LDC Insight #1: COVID-19 recovery and achieving the Sustainable Development Goals: Why LDCs can’t just ‘build back better’

12 August 2022 / Federica Irene Falomi and Taffere Tesfachew

In 2019, the United Nations Secretary-General, Antonio Guterres, noted that “despite considerable efforts these past four years, we are not on track to achieve the Sustainable Development Goals by 2030”[1], suggesting that the global growth and development model was already suboptimal and unsustainable. Three years and a global pandemic later, years of progress towards SDGs have been revered or wiped out. Global poverty rate sharply increased from 8.3% in 2019 to 9.2% in 2020 due to COVID-19, representing the first increase in extreme poverty since 1998 and the largest since 1990, and setting back poverty reduction by around three years. The losses have been much higher for low-income countries, which have been set back by 8-9 years[2]. Furthermore, the pandemic has not only exposed large inequalities across countries in terms of access to finance, health care services, medicines and vaccines but has also intensified them and widened the gap even further.

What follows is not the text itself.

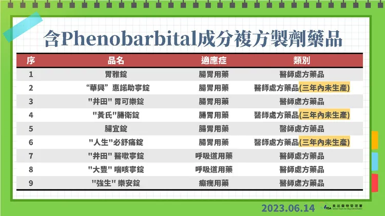 至於一般藥品目前尚未被切結不得製造或輸入者,陳惠芳表示,共計9張藥品許可證,主要為含Phenobarital成分的複方藥品,其中6張屬腸胃用藥、2張為呼吸道用藥、1張為癲癇用藥。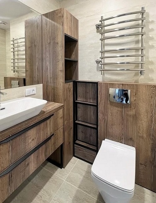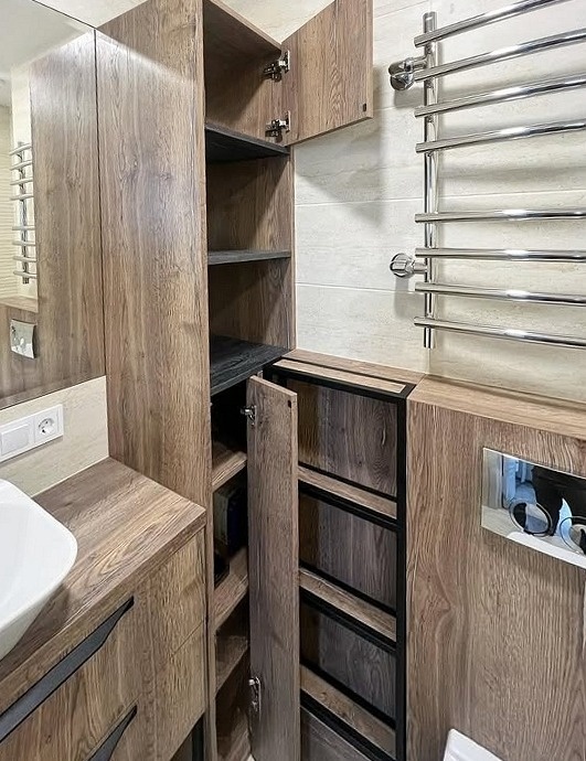 Встроенный шкаф цвета дуб в санузел «Модель 1189»

We have entered the Decade of Action to deliver the 2030 Agenda for Sustainable Development and Sustainable Development Goals (SDGs). This universal call to action to end poverty, protect the planet and ensure that by 2030 all people enjoy peace and prosperity is more relevant than ever. However, if the SDGs are to be achieved globally by 2030 - in line with the principle of “leaving no one behind” - they must be achieved everywhere. To date, progress towards achieving the SDGs in the least developed countries has been uneven and is not on track to achieve the targets set in the 2030 Agenda. The pandemic abruptly interrupted a prolonged period of sustained growth for some least developed countries, which are collectively home to 14 per cent of the global population but comprise more than 50% of the world’s extremely poor and account for only 1.3 per cent of global GDP.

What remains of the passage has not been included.